▸ EXERCISE DATA
>>

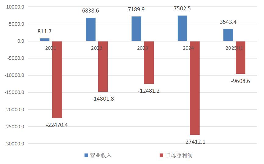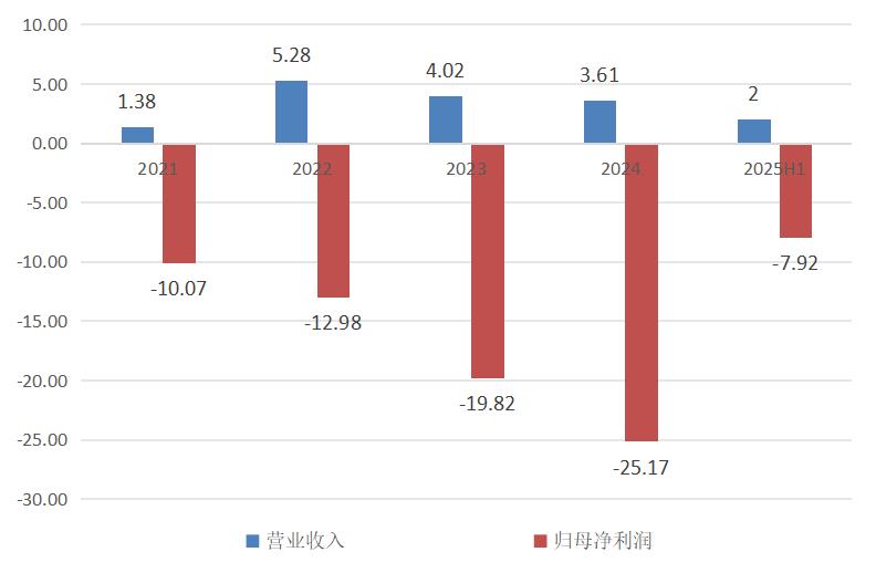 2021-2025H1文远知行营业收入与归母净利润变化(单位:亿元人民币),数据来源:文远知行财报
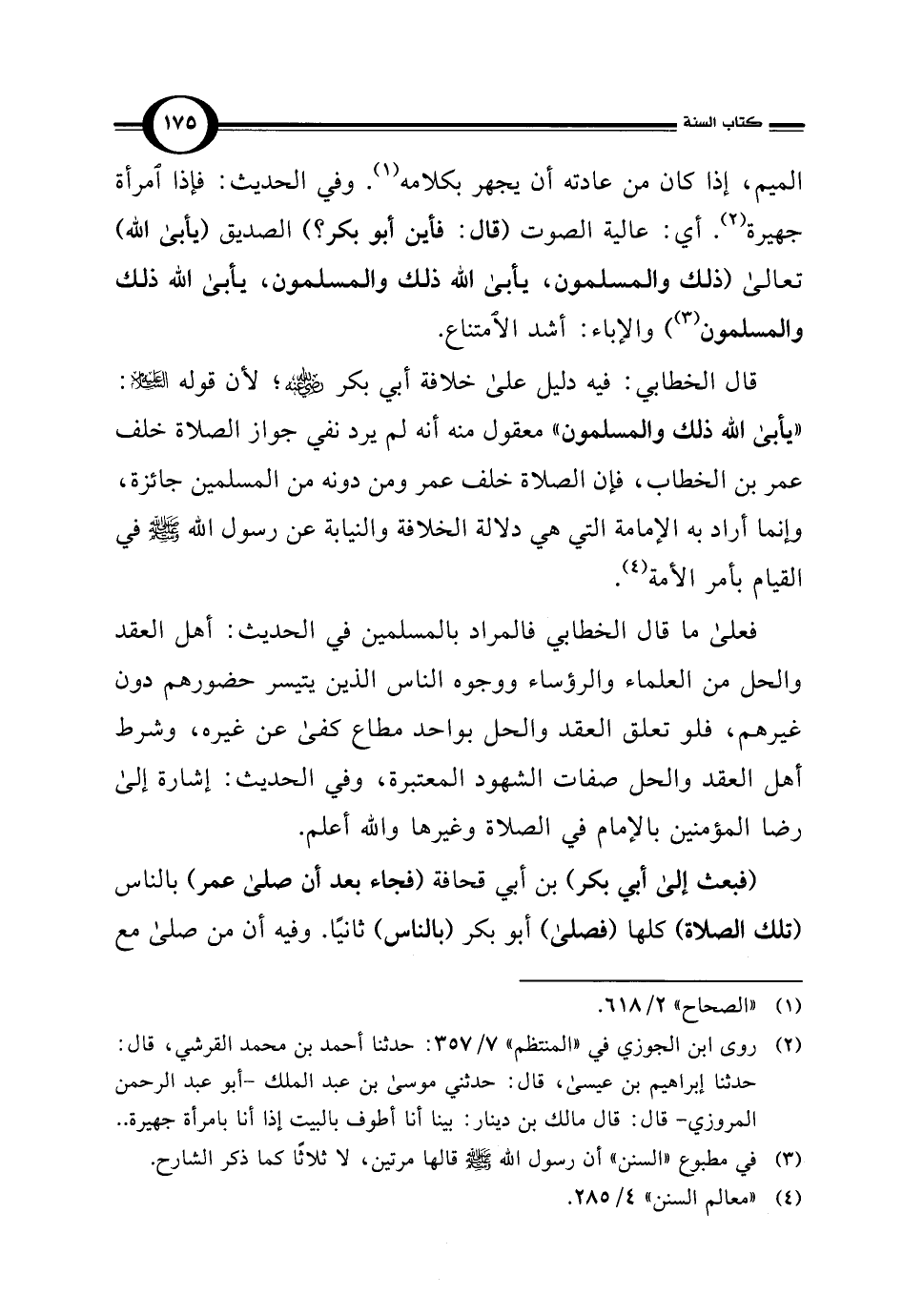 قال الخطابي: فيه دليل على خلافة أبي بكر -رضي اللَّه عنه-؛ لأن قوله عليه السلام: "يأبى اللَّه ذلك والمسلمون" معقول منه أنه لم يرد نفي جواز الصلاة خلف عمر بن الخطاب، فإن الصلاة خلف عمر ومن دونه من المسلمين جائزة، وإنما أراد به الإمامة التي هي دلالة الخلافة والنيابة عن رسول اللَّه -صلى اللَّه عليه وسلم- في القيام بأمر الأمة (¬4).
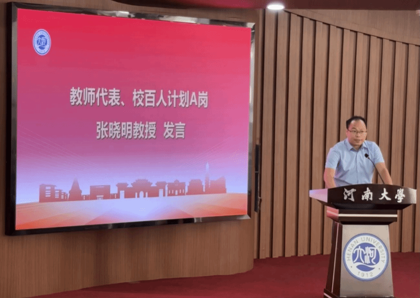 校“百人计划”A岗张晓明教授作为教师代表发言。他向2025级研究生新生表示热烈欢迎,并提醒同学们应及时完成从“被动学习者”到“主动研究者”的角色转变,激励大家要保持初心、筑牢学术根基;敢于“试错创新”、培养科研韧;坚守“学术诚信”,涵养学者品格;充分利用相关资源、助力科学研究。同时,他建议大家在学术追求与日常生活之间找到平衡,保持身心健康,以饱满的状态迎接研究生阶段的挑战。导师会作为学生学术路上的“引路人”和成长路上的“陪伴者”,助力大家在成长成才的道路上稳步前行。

<<

▸ PROBLEM
The result should be the full listing, retyped exactly and free of pictures.

▸ ANSWER TO THIS PROBLEM
 2021-2025H1文远知行营业收入与归母净利润变化(单位:亿元人民币),数据来源:文远知行财报
 قال الخطابي: فيه دليل على خلافة أبي بكر -رضي اللَّه عنه-؛ لأن قوله عليه السلام: "يأبى اللَّه ذلك والمسلمون" معقول منه أنه لم يرد نفي جواز الصلاة خلف عمر بن الخطاب، فإن الصلاة خلف عمر ومن دونه من المسلمين جائزة، وإنما أراد به الإمامة التي هي دلالة الخلافة والنيابة عن رسول اللَّه -صلى اللَّه عليه وسلم- في القيام بأمر الأمة (¬4).
 校“百人计划”A岗张晓明教授作为教师代表发言。他向2025级研究生新生表示热烈欢迎,并提醒同学们应及时完成从“被动学习者”到“主动研究者”的角色转变,激励大家要保持初心、筑牢学术根基;敢于“试错创新”、培养科研韧;坚守“学术诚信”,涵养学者品格;充分利用相关资源、助力科学研究。同时,他建议大家在学术追求与日常生活之间找到平衡,保持身心健康,以饱满的状态迎接研究生阶段的挑战。导师会作为学生学术路上的“引路人”和成长路上的“陪伴者”,助力大家在成长成才的道路上稳步前行。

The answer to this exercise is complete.